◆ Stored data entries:
--- --- ---

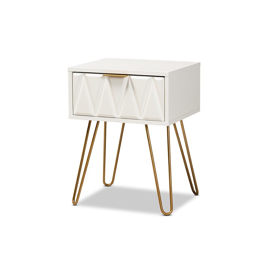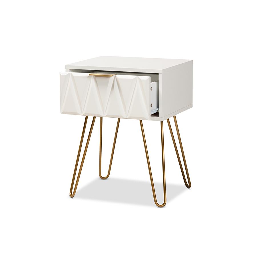 Glam and Luxe White Finished Wood and Gold Metal 1-Drawer End Table
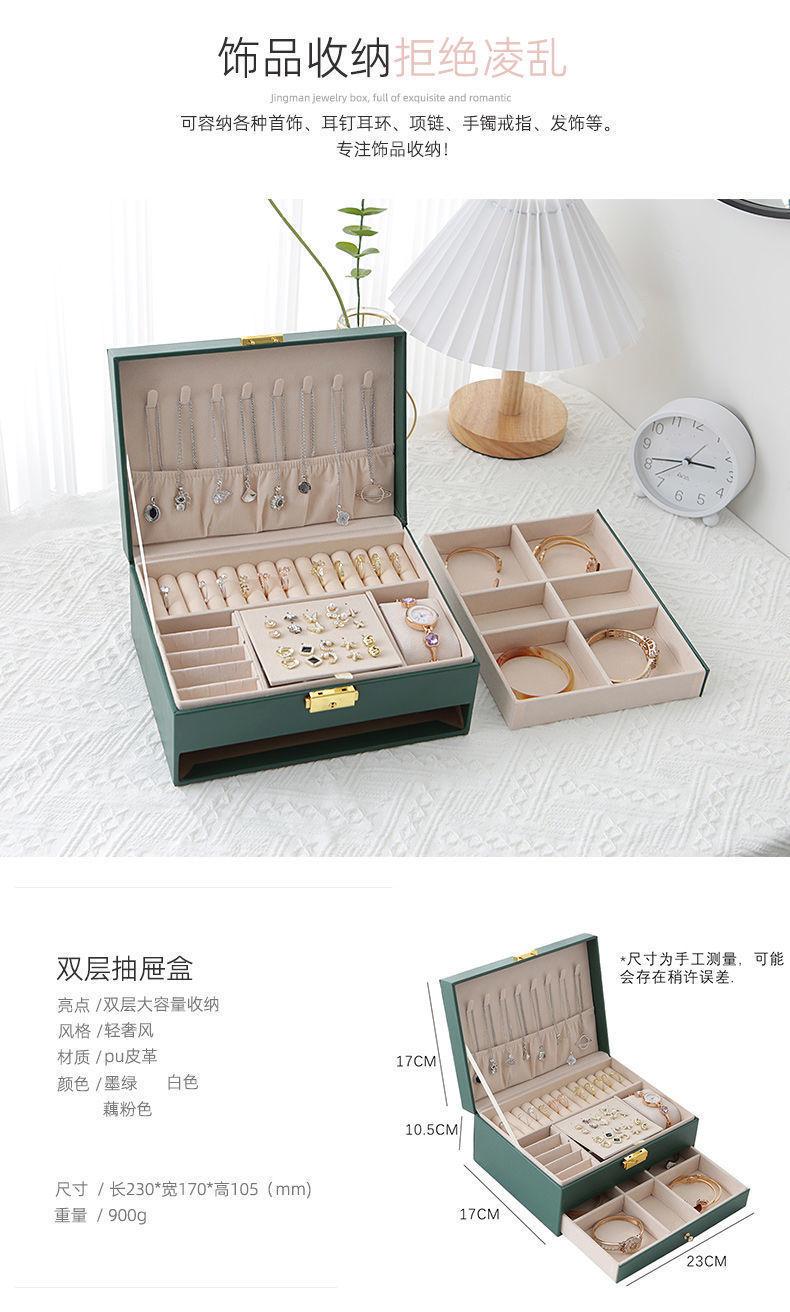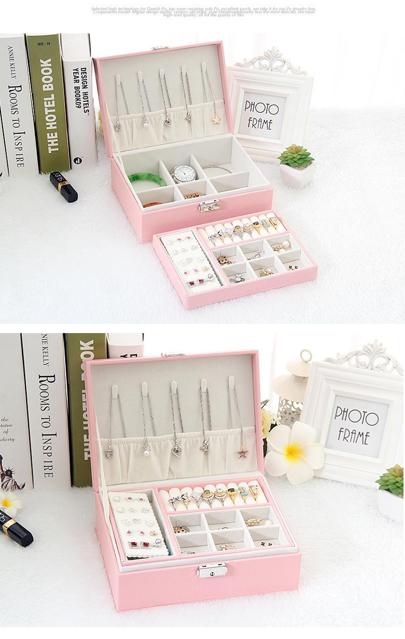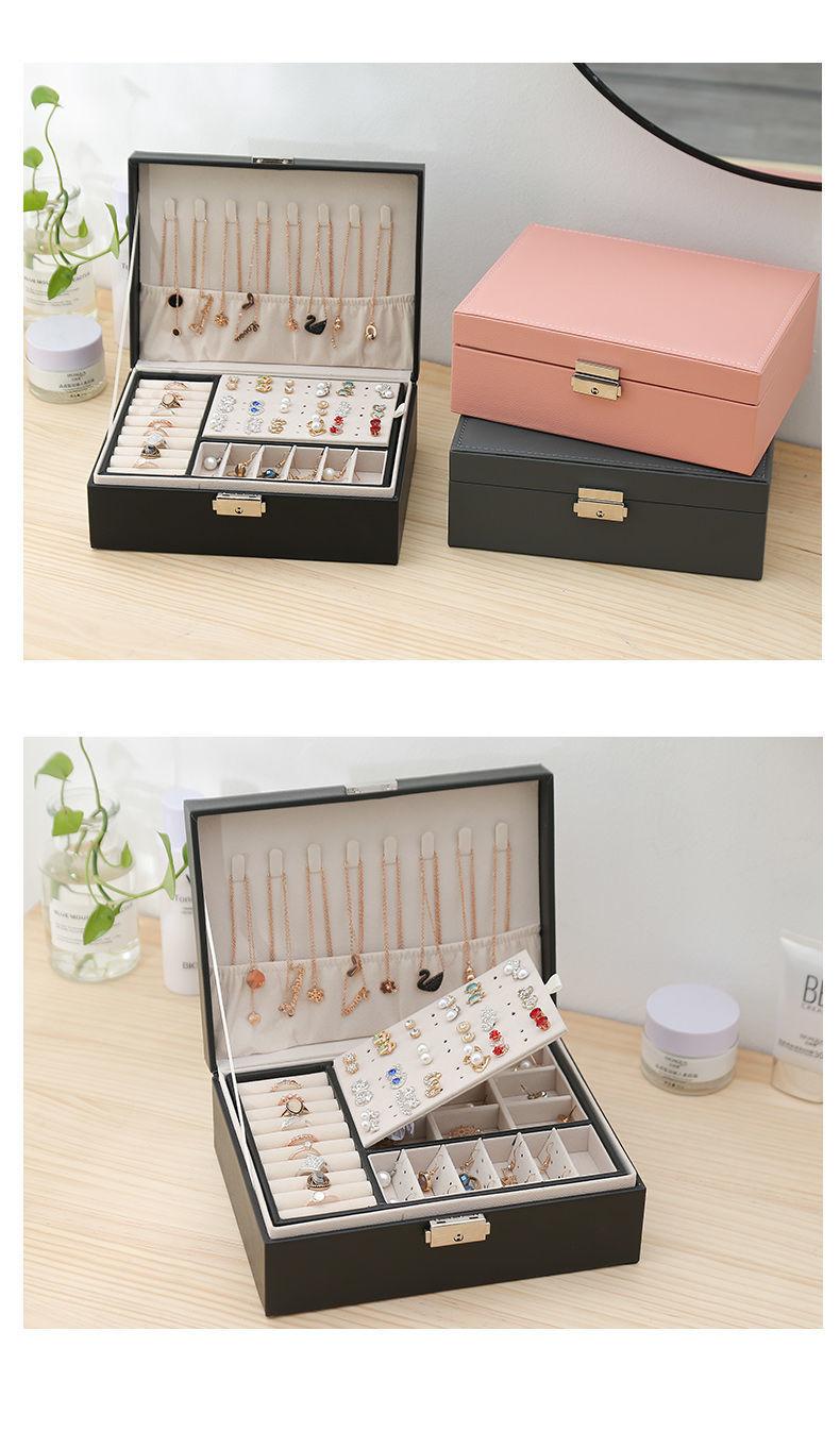 Double classic Black, Double-layer Classic White, Double-layer classic pink, Earrings box navy blue [can hold ...
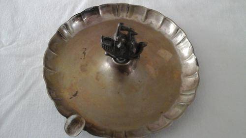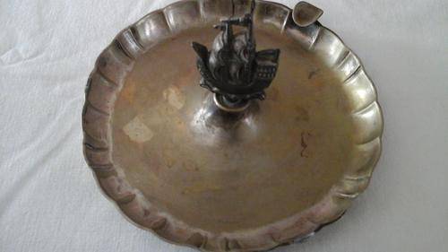 SIMPLY STUNNING EPNS ASHTRAY WITH A MODEL SHIP IN THE CENTRE. SHIP CAN ACT AS A HANDLE. APPROXIMATELY 200 MM
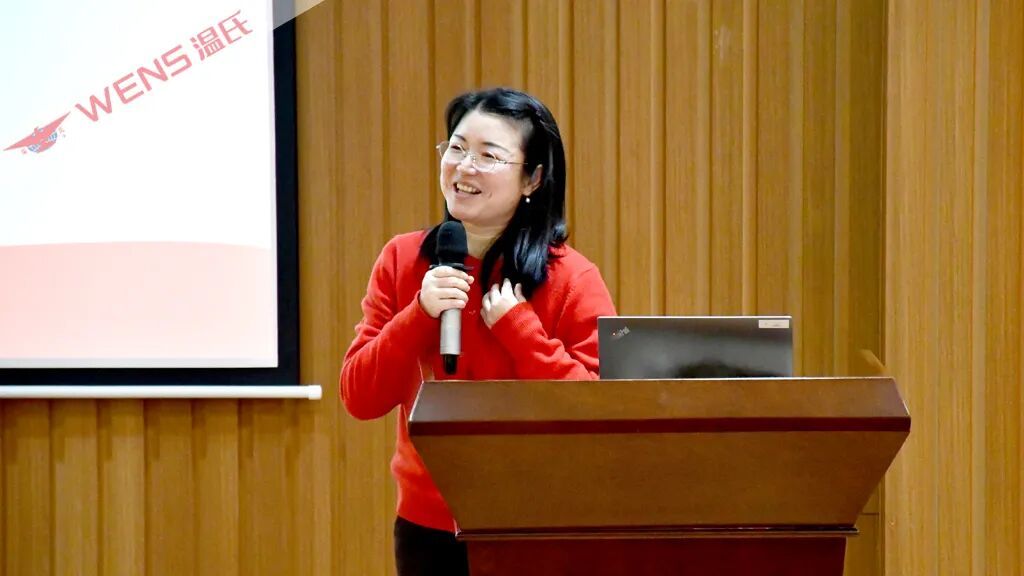 华南农业大学温氏班班主任代表顾婷上台发言,希望同学们珍惜温氏班这一宝贵的学习和实践机会。同时她将与企业班主任一同做好引导、倾听与陪伴,助力华南农业大学的学子书写青春华章,为中国农牧业未来贡献智慧和力量。
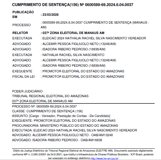 No cumprimento de sentença nº 0600589-69.2024.6.04.0037, a ex-candidata Nathalia Rachel Silva Nascimento, mais conhecida como Nath Nascimento, teve a cobrança de R$ 5.339,80 suspensa após acordo de parcelamento firmado pelo partido União Brasil, que assumiu a dívida. O processo foi arquivado provisoriamente, com possibilidade de retomada em caso de descumprimento.
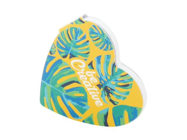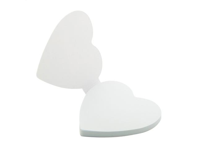 Custom made, paper covered heart shaped sticky notepad. Includes 50 sheets of recycled paper sticky notes. Price includes full colour printed outside cover. MOQ: 100 pcs.
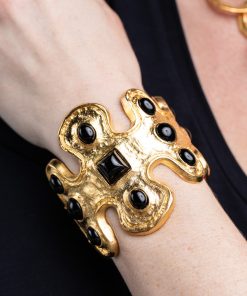 Boldly sized, this tribal gold cuff bracelet is both sophisticated and statement making.
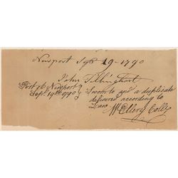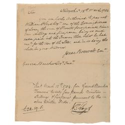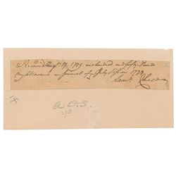 Revolutionary War–dated ADS, one page, 7.5 x 2.5, May 4, 1779. Handwritten receipt of payment, in full: "1779, Rec'd 4th May of Dr. J...
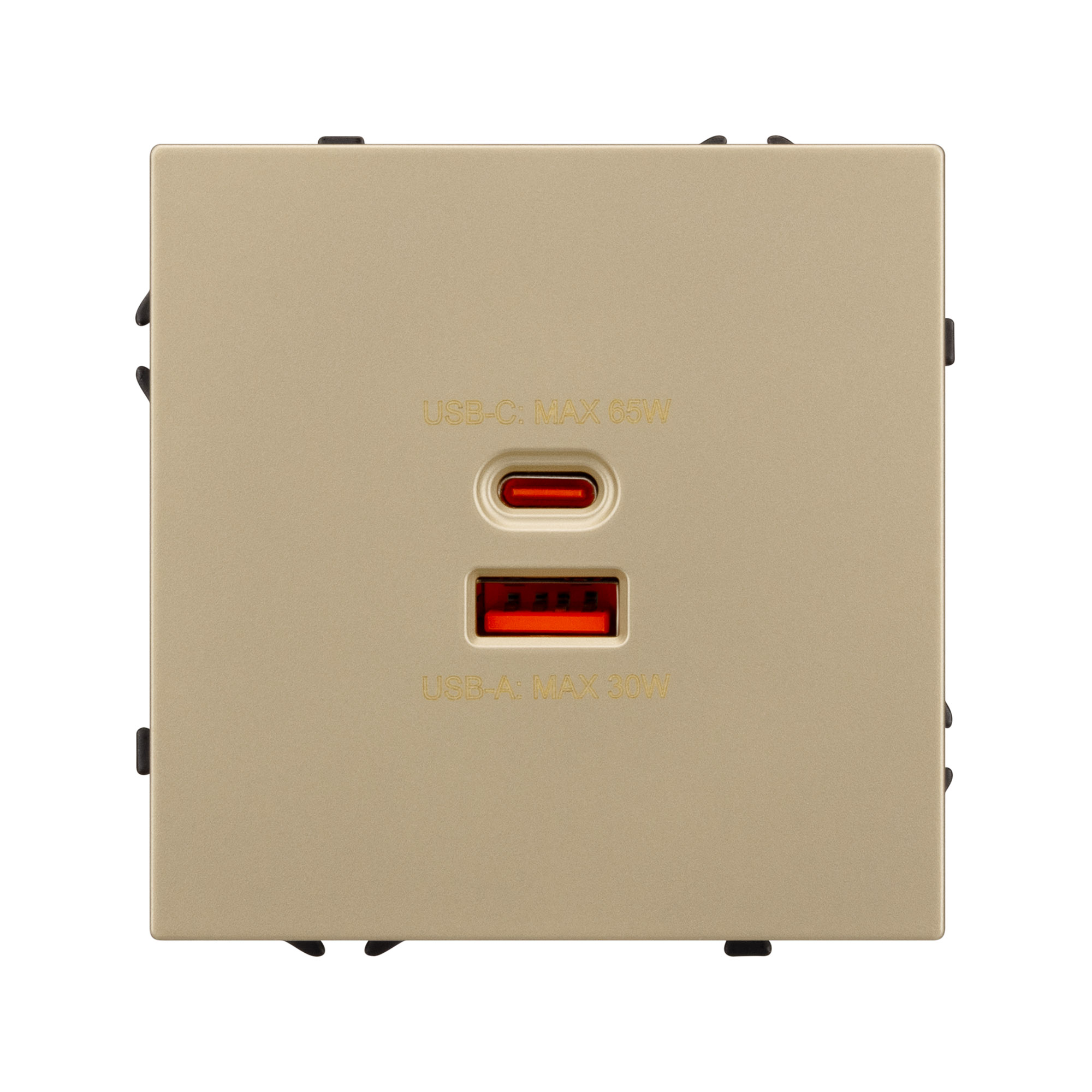 Строгие геометрические линии гармонично сочетаются с функциональностью продуманных механизмов, создавая идеальное решение для дизайн-проектов, где важны как эстетика, так и практичность. Механизм розетки с быстрой USB зарядкой, совместимый с рамками серии NOBE, создает утонченный минималистичный вид. Наличие USB Type A и Type C портов позволяет существенно сократить количество используемых розеточных постов под евровилку, сохраняя единую стилистику интерьера всего современного дизайн-проекта. Оба разъема поддерживают протокол быстрой зарядки Quick Charge QC 3.0, помимо этого для разъема Type C доступен протокол Power Delivery*. Выходные параметры для данных типов портов при этом составляют 30W и 65W соответственно. Видимая часть механизма выполнена из высококачественного пластика золотого цвета и имеет Soft-Touch покрытие, что придает изделию приятные тактильные ощущения и стильный внешний вид. Контактная часть присоединяется при помощи винтовых зажимов, позволяя надежно подсоединить механизм выключателя к питающим элементам. Суппорт окрашен в черный матовый цвет под основу механизма и выполнен из металла толщиной 1,5мм, что обеспечивает безопасность и уверенность в установке. На каждой стороне суппорта размещены фиксирующие элементы, позволяющие комбинировать механизмы в системы до 5шт как горизонтально, так и вертикально. *Для активации функции быстрой зарядки необходимо использовать специализированный зарядный кабель, который предназначен для работы с зарядными устройствами повышенной мощности.

--- --- ---

◆ WHAT YOU SHOULD DO:
Without the pictures, write out the lines from the beginning of the entries through the line with "Boldly sized, this".

◆ RESULT OF THE EXERCISE:
 Glam and Luxe White Finished Wood and Gold Metal 1-Drawer End Table
 Double classic Black, Double-layer Classic White, Double-layer classic pink, Earrings box navy blue [can hold ...
 SIMPLY STUNNING EPNS ASHTRAY WITH A MODEL SHIP IN THE CENTRE. SHIP CAN ACT AS A HANDLE. APPROXIMATELY 200 MM
 华南农业大学温氏班班主任代表顾婷上台发言,希望同学们珍惜温氏班这一宝贵的学习和实践机会。同时她将与企业班主任一同做好引导、倾听与陪伴,助力华南农业大学的学子书写青春华章,为中国农牧业未来贡献智慧和力量。
 No cumprimento de sentença nº 0600589-69.2024.6.04.0037, a ex-candidata Nathalia Rachel Silva Nascimento, mais conhecida como Nath Nascimento, teve a cobrança de R$ 5.339,80 suspensa após acordo de parcelamento firmado pelo partido União Brasil, que assumiu a dívida. O processo foi arquivado provisoriamente, com possibilidade de retomada em caso de descumprimento.
 Custom made, paper covered heart shaped sticky notepad. Includes 50 sheets of recycled paper sticky notes. Price includes full colour printed outside cover. MOQ: 100 pcs.
 Boldly sized, this tribal gold cuff bracelet is both sophisticated and statement making.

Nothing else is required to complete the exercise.